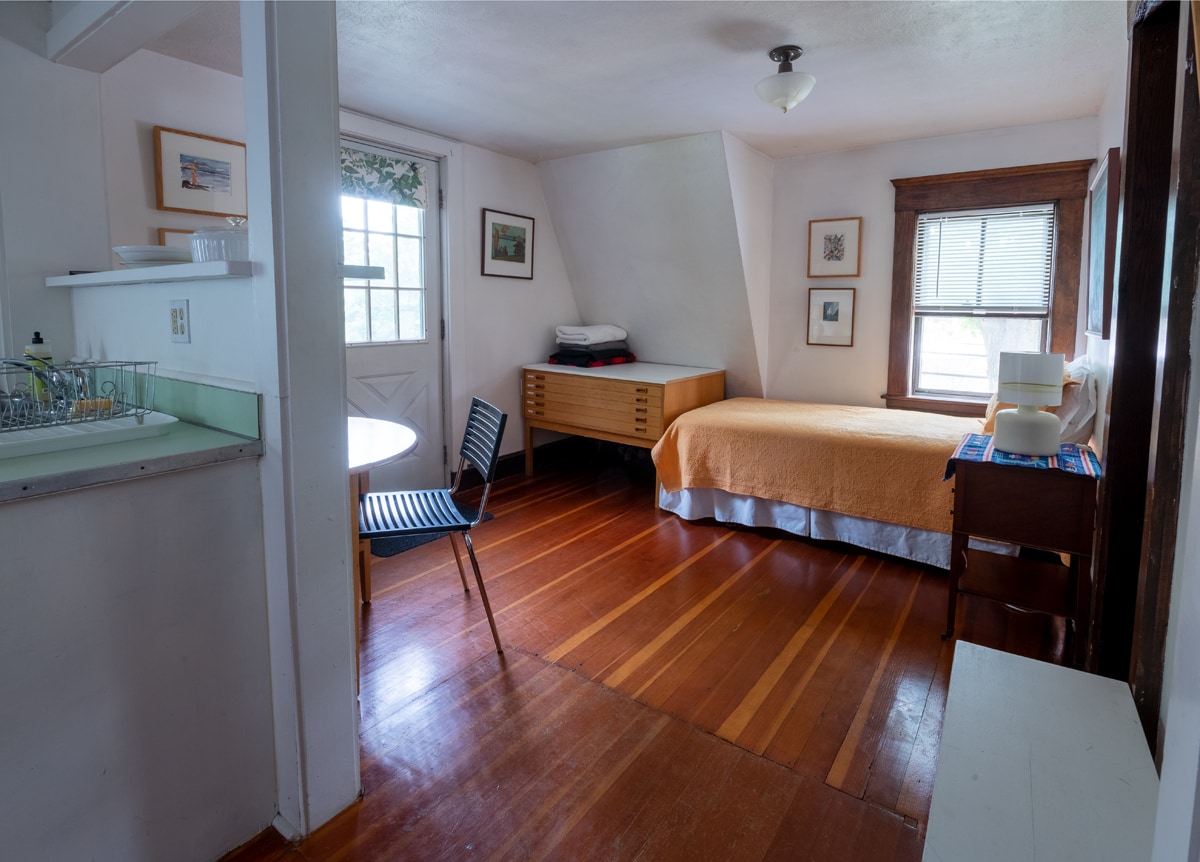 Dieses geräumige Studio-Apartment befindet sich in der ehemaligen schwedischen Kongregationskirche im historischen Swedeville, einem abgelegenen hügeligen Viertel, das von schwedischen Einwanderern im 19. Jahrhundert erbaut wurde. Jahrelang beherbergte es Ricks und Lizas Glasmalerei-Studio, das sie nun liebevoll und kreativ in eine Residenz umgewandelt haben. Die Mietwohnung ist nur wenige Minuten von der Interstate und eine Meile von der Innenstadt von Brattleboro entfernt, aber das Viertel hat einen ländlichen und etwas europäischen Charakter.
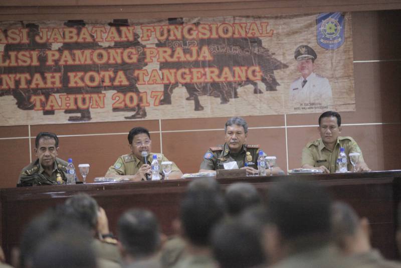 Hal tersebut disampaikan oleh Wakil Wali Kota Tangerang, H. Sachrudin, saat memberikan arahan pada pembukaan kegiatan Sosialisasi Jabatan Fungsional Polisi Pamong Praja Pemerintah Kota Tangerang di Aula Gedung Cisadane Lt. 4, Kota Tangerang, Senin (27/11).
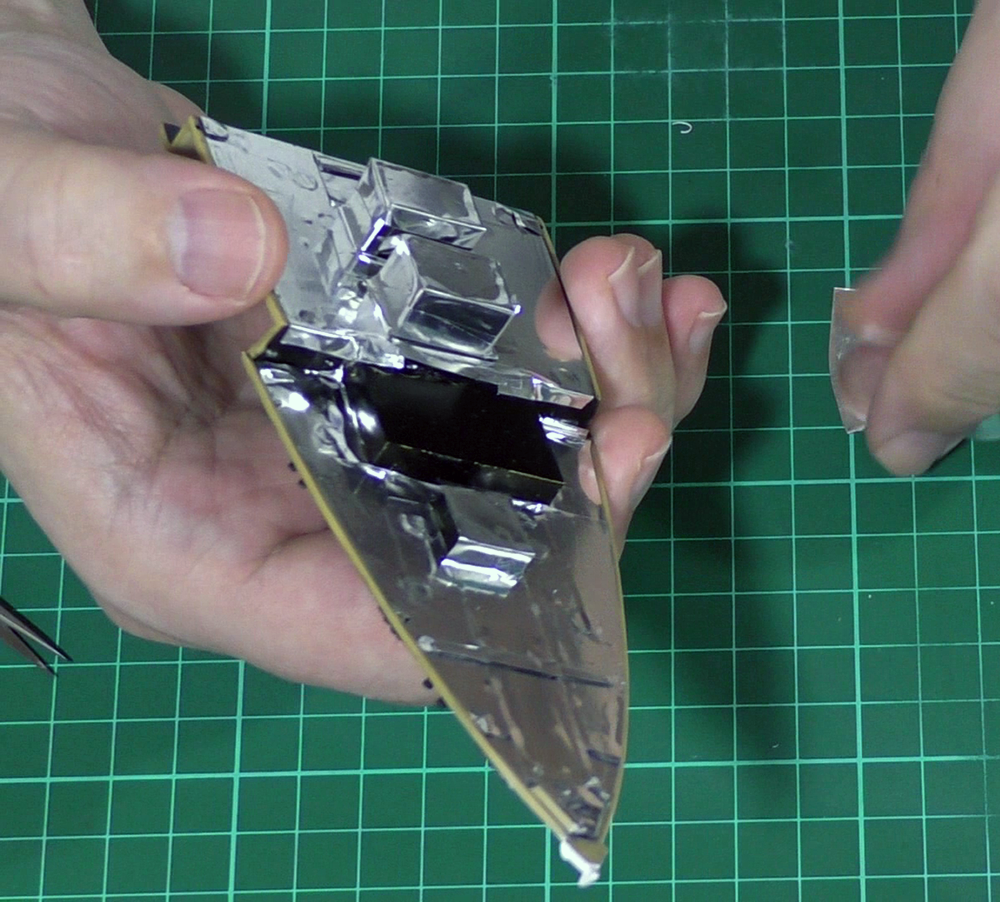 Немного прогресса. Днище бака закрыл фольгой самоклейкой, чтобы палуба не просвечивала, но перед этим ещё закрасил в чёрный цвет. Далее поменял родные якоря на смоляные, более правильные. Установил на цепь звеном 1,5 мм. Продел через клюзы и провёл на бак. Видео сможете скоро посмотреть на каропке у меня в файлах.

——

The answer is the listing above restated word for word, pictures removed.

-- Result of this exercise --
 Dieses geräumige Studio-Apartment befindet sich in der ehemaligen schwedischen Kongregationskirche im historischen Swedeville, einem abgelegenen hügeligen Viertel, das von schwedischen Einwanderern im 19. Jahrhundert erbaut wurde. Jahrelang beherbergte es Ricks und Lizas Glasmalerei-Studio, das sie nun liebevoll und kreativ in eine Residenz umgewandelt haben. Die Mietwohnung ist nur wenige Minuten von der Interstate und eine Meile von der Innenstadt von Brattleboro entfernt, aber das Viertel hat einen ländlichen und etwas europäischen Charakter.
 Hal tersebut disampaikan oleh Wakil Wali Kota Tangerang, H. Sachrudin, saat memberikan arahan pada pembukaan kegiatan Sosialisasi Jabatan Fungsional Polisi Pamong Praja Pemerintah Kota Tangerang di Aula Gedung Cisadane Lt. 4, Kota Tangerang, Senin (27/11).
 Немного прогресса. Днище бака закрыл фольгой самоклейкой, чтобы палуба не просвечивала, но перед этим ещё закрасил в чёрный цвет. Далее поменял родные якоря на смоляные, более правильные. Установил на цепь звеном 1,5 мм. Продел через клюзы и провёл на бак. Видео сможете скоро посмотреть на каропке у меня в файлах.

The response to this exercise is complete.